Ce sont des chiffres qui n’ont pas fait les gros titres, mais ils sont significatifs d’une réalité têtue : en Suisse, l’immigration est un indicateur de la marche de l’économie. Les statistiques fédérales de septembre 2017 – les plus récentes que l’on puisse consulter en libre accès – montrent, sur une année, un recul net de près de 5% de la population immigrée résidente permanente, une baisse de l’immigration effective de 5,6% et une chute du solde migratoire de près de 17%.

En trois ans et demi, le contexte qui avait vu l’initiative « Contre l’immigration de masse » être adoptée par le peuple suisse, à une courte majorité, a donc passablement changé. Et s’il est probable que l’accroissement des contrôles visant les abus en matière de travailleurs détachés a pu jouer un rôle, c’est d’abord la baisse de la demande de main-d’œuvre qui est en cause.

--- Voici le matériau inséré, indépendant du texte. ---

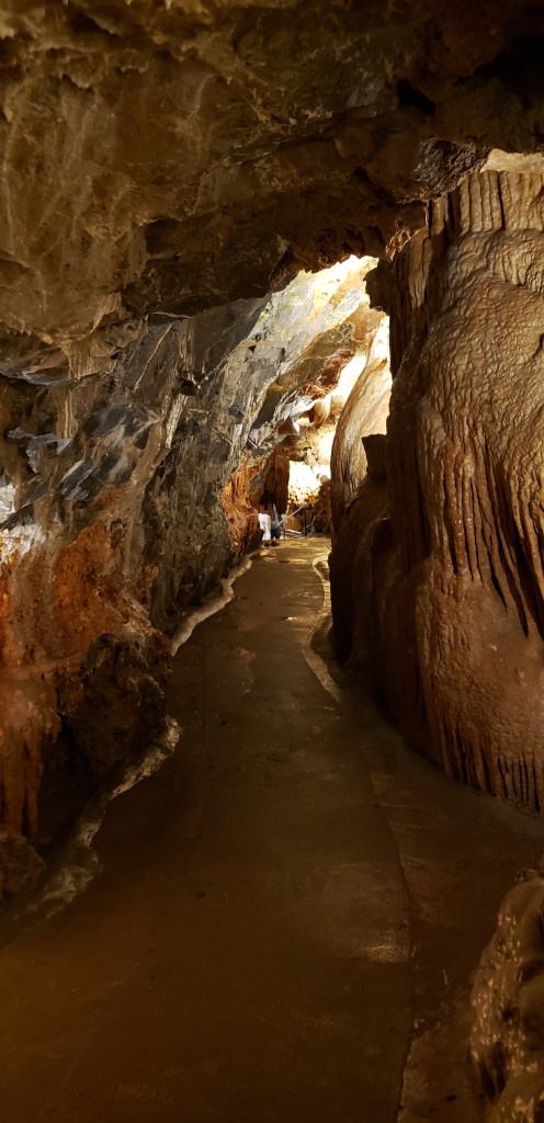 Over time, various entities fought in the courts for ownership of the caverns . . . and it probably fascinates some . . . but I just wanted to get underground! Digging into my wallet, I purchased my ticket (a bit more pricey than I expected at $29.00 for a Senior), and after running the gauntlet of cups, magnet, shirts, etc. that are sold in the Souvenir Store (that you have to go through going in and out of the caverns . . .what a marketing concept!!), I found myself walking down the long, covered serpentine entrance. Let me stop here for a second and explain . . . Luray Caverns is the fourth largest caverns system in the United States. As such it gets THRONGS of tourists every year. The parking lot is massive, there is a restaurant, toy store, antigue car exhibit, rope climbing area for kids, fudge shop, etc. Across the access road is a collection of 1800 era buildings in a farm setting to tour. It reminded me of an amusement park than the entrance to a cavern.

Bonne ou mauvaise nouvelle ? Tout est affaire de point de vue. L’économie suisse poursuit une croissance légère, et certains de ses secteurs durement touchés – par la fin du taux plancher avec l’euro, les excédents de stocks ou une chute des ventes (l’horlogerie en l’occurrence) – montrent des signes encourageants de reprise. Cependant, la pression sur les marges et la mutation numérique accroissent un climat de tension sur la place économique suisse, qui, plus que jamais, doit créer de la valeur ajoutée si elle veut conserver sa solidité.

Privilégier la souplesse

Bien sûr, l’apaisement du débat migratoire est à saluer, mais le contexte qui y préside ne doit absolument pas déboucher sur une nouvelle surenchère de restrictions ou de barrières à la libre circulation des biens, des services et des travailleurs, qui seraient préjudiciables à l’économie suisse. Car si les chiffres de l’immigration baissent, cela ne veut pas dire qu’il sera plus facile de remplir les conditions d’application de la politique acceptée par le peuple le 9 février 2014 (initiative populaire «Contre l’immigration de masse»). Mieux intégrer les seniors et les femmes dans le monde du travail, améliorer la formation continue pour trouver ici les compétences nécessaires à assurer l’avenir de nos entreprises : autant d’objectifs ambitieux qui ne trouveront leurs réponses qu’avec une économie dynamique. Celle-là même qui a justement besoin d’un accès souple à l’immigration pour bien fonctionner.

Claudine Amstein

Claudine Amstein est la directrice de la Chambre vaudoise du commerce et de l’industrie, depuis 2005. Après avoir été juriste et secrétaire générale de la Chambre vaudoise immobilière, elle en reprend la direction en 1993. Elle a été constituante au Grand Conseil vaudois, avant d’en être députée pendant dix ans. Elle est très engagée dans les associations faîtières de l'économie suisse.